═══ Records for the task
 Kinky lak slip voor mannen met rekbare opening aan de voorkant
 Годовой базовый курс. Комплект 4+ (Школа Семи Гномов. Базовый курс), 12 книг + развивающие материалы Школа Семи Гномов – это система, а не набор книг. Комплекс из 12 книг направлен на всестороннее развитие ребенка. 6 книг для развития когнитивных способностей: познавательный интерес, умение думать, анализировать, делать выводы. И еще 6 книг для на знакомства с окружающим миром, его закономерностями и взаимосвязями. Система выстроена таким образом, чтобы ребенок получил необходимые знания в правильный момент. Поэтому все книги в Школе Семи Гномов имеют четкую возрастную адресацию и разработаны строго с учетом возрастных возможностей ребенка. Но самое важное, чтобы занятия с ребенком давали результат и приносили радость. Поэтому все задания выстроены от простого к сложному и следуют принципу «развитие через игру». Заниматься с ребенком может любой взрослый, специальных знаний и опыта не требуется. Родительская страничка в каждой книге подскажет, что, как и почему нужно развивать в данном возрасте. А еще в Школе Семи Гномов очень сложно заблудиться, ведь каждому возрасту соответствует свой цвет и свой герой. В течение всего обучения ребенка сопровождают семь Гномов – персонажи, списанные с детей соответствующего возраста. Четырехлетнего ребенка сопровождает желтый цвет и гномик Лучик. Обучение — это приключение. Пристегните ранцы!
══════
═══ Records for the task
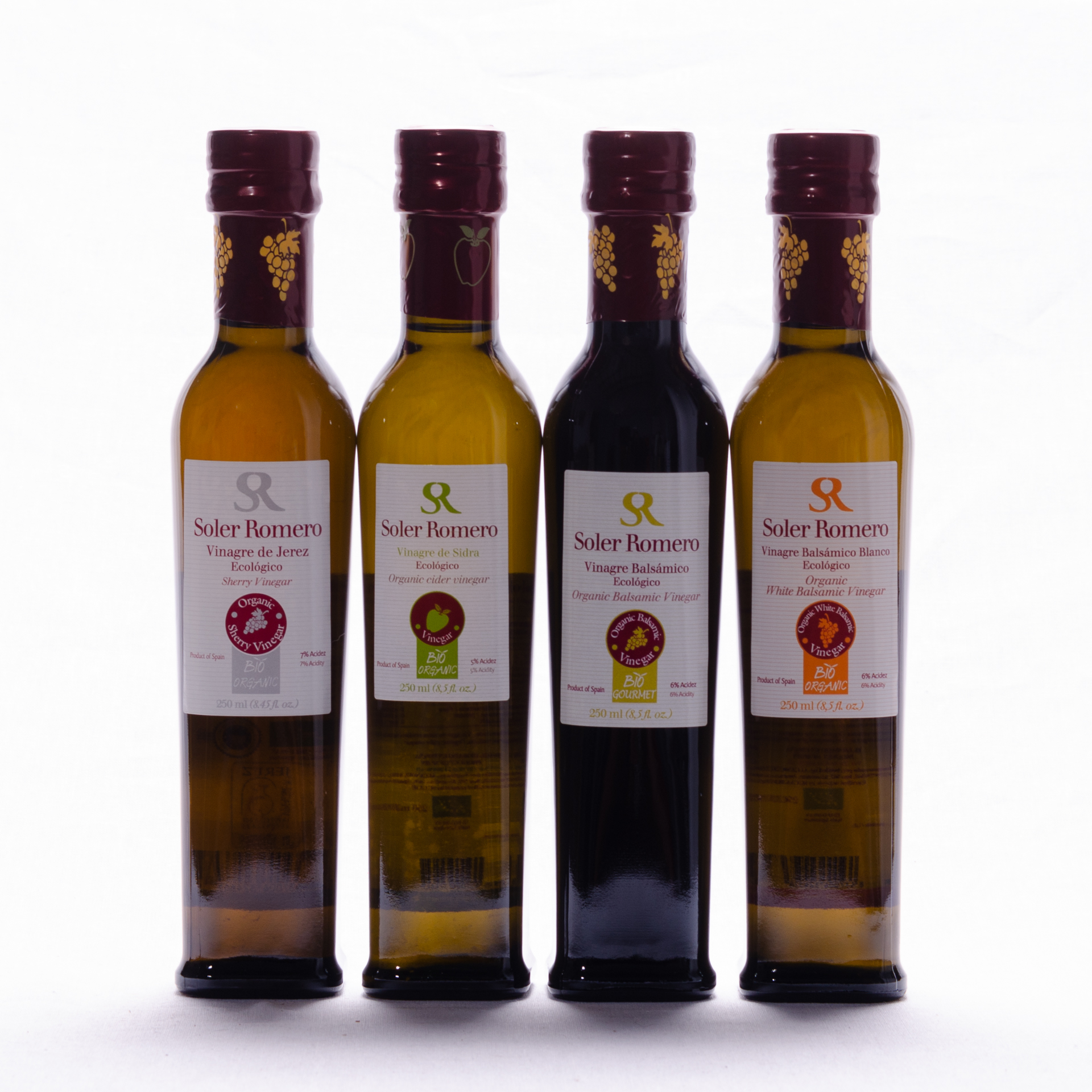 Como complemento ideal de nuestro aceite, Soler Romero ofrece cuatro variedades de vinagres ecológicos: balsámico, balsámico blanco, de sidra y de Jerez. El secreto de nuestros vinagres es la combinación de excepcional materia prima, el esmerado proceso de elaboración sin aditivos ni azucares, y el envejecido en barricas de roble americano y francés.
══════
═══ Records for the task
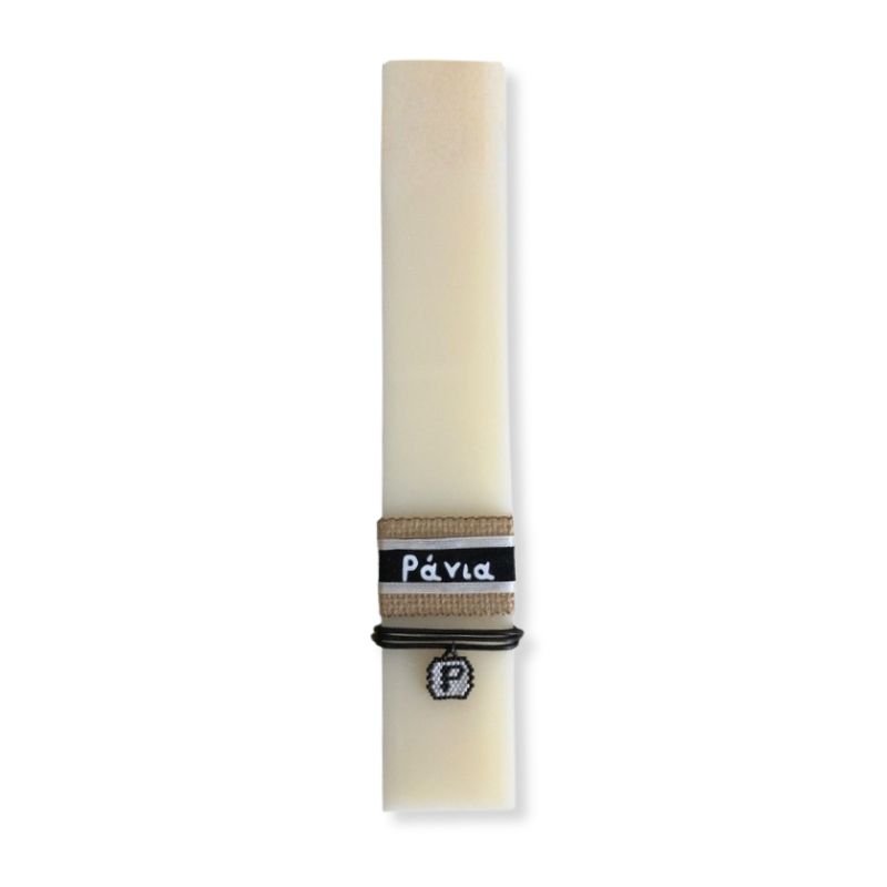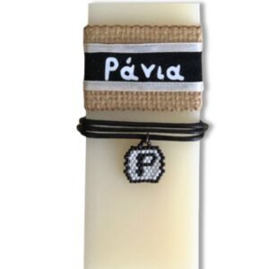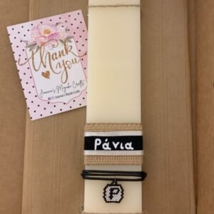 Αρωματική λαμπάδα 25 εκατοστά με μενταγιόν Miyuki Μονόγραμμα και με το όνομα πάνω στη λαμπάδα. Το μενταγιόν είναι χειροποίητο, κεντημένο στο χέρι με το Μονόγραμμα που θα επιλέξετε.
══════
The line above containing "Kinky lak slip", the line containing "Годовой базовый курс.", and every line between them are to be transcribed exactly; no other line is wanted.

 Kinky lak slip voor mannen met rekbare opening aan de voorkant
 Годовой базовый курс. Комплект 4+ (Школа Семи Гномов. Базовый курс), 12 книг + развивающие материалы Школа Семи Гномов – это система, а не набор книг. Комплекс из 12 книг направлен на всестороннее развитие ребенка. 6 книг для развития когнитивных способностей: познавательный интерес, умение думать, анализировать, делать выводы. И еще 6 книг для на знакомства с окружающим миром, его закономерностями и взаимосвязями. Система выстроена таким образом, чтобы ребенок получил необходимые знания в правильный момент. Поэтому все книги в Школе Семи Гномов имеют четкую возрастную адресацию и разработаны строго с учетом возрастных возможностей ребенка. Но самое важное, чтобы занятия с ребенком давали результат и приносили радость. Поэтому все задания выстроены от простого к сложному и следуют принципу «развитие через игру». Заниматься с ребенком может любой взрослый, специальных знаний и опыта не требуется. Родительская страничка в каждой книге подскажет, что, как и почему нужно развивать в данном возрасте. А еще в Школе Семи Гномов очень сложно заблудиться, ведь каждому возрасту соответствует свой цвет и свой герой. В течение всего обучения ребенка сопровождают семь Гномов – персонажи, списанные с детей соответствующего возраста. Четырехлетнего ребенка сопровождает желтый цвет и гномик Лучик. Обучение — это приключение. Пристегните ранцы!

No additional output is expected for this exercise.